I stay away from being domineering because it doesn’t bring out the best in my staff, or my business. I know that when people are on the same playing field, without feeling threatened or intimidated, we see the best outcomes. 

I hire people who will bring strong ideas to the table and make us a better team. From there, I instil my passion and purpose so we can all do better – together. 

I’ve been managing people since I was 14 years old, so I learnt early on that telling them what to do doesn’t get the job done well. That’s when I began asking open-end questions: “What do you want to do… what did you like… what didn’t you like…what do you think..?” 

30 years later, I maintain this collaborative way of working. 

None of my decisions are driven by fear or ego – and the same goes for everyone in my team. 


Here are four management styles you should be striving for:


A visionary manager has a huge passion for the overarching goals of the business, and she instills this passion into the team. Only interested in outcomes, the manager provides space and flexibility for the team to work at an autonomous level. This self-motivation provides self-satisfaction. It’s easy to achieve within your team, if they understand and believe in your purpose, as well as their own purpose within your business. 

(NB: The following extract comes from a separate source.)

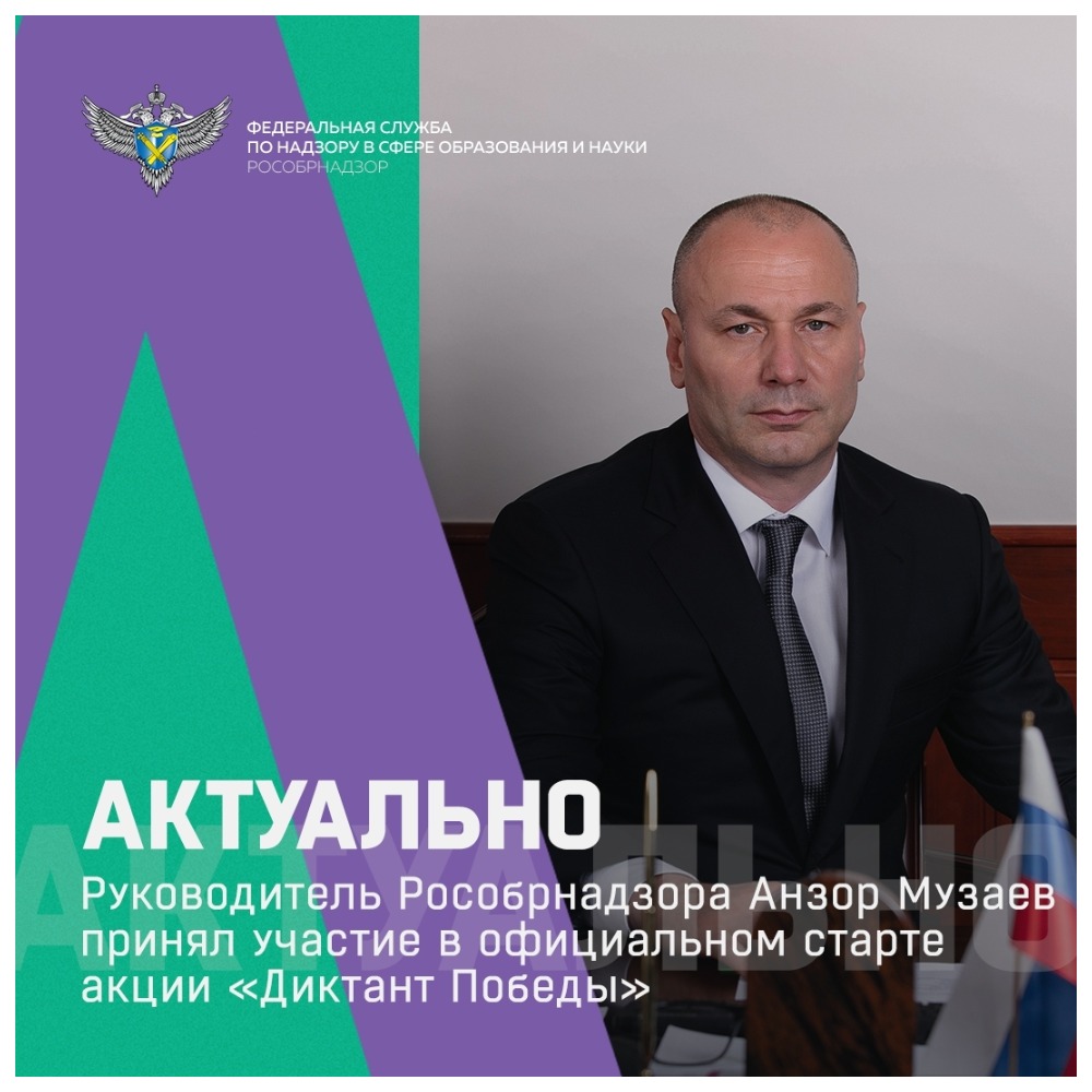 Руководитель Рособрнадзора Анзор Музаев принял участие в официальном старте акции «Диктант Победы».⠀

As the CEO of a large company, I would visit every person on my team daily and ask for their opinion or expertise. Collaborative managers ask questions, they aren’t afraid to be the dumbest person in the room and they invite their team members to solve problems. The one thing that don’t do is dominate or force their own solutions onto the team. The best business decision is far more important than his ego and this manager believes that five heads are better than one. Just be sure to keep your meetings brief and, as the head chef, remember that you have the final decision. 


This style sees that team members are pushed to raise the bar of their work and the business itself. The motivating manager wants to be ahead of the curve and, therefore, strives for new and different ideas. He will often ask employees whether they want to up-skill or further educate themselves. This manager is extremely optimistic and gives his team members a strong sense of self-worth. Employees are driven and want to do better. Just be careful not to push your team too far towards burn out, and remember to give them genuine feedback so they can grow. 


Employees in these teams are highly-skilled and motivated, and don’t require a hands-on approach. Team members are able to work at a top-level, strategic position in the business. Trusted in both strategy and execution, the team sets the bar for innovation and creation. While they are setting their own objectives and daily tasks, it’s important for you to review those objectives regularly so everyone stays on track with the overall trajectory of the business. 


Why do I want an engaged and empowered team? Having an engaged workforce means I have a reduced staff turnover, superior products, improved systems and a better business. 

Spending a few minutes each day with each person has been my secret to getting the balance right. 

This is the perfect chance to check in on your own management style. Are you fuelled by fear or ego? Or by passion, innovation and collaboration? 

If you feel you may be a domineering personality, or you panic and overreact at minor errors, you need to ask yourself, is the behaviour I’m eliciting right now aligned with my overarching purpose? Or is it actually counterintuitive to what I’m trying to achieve here in my business?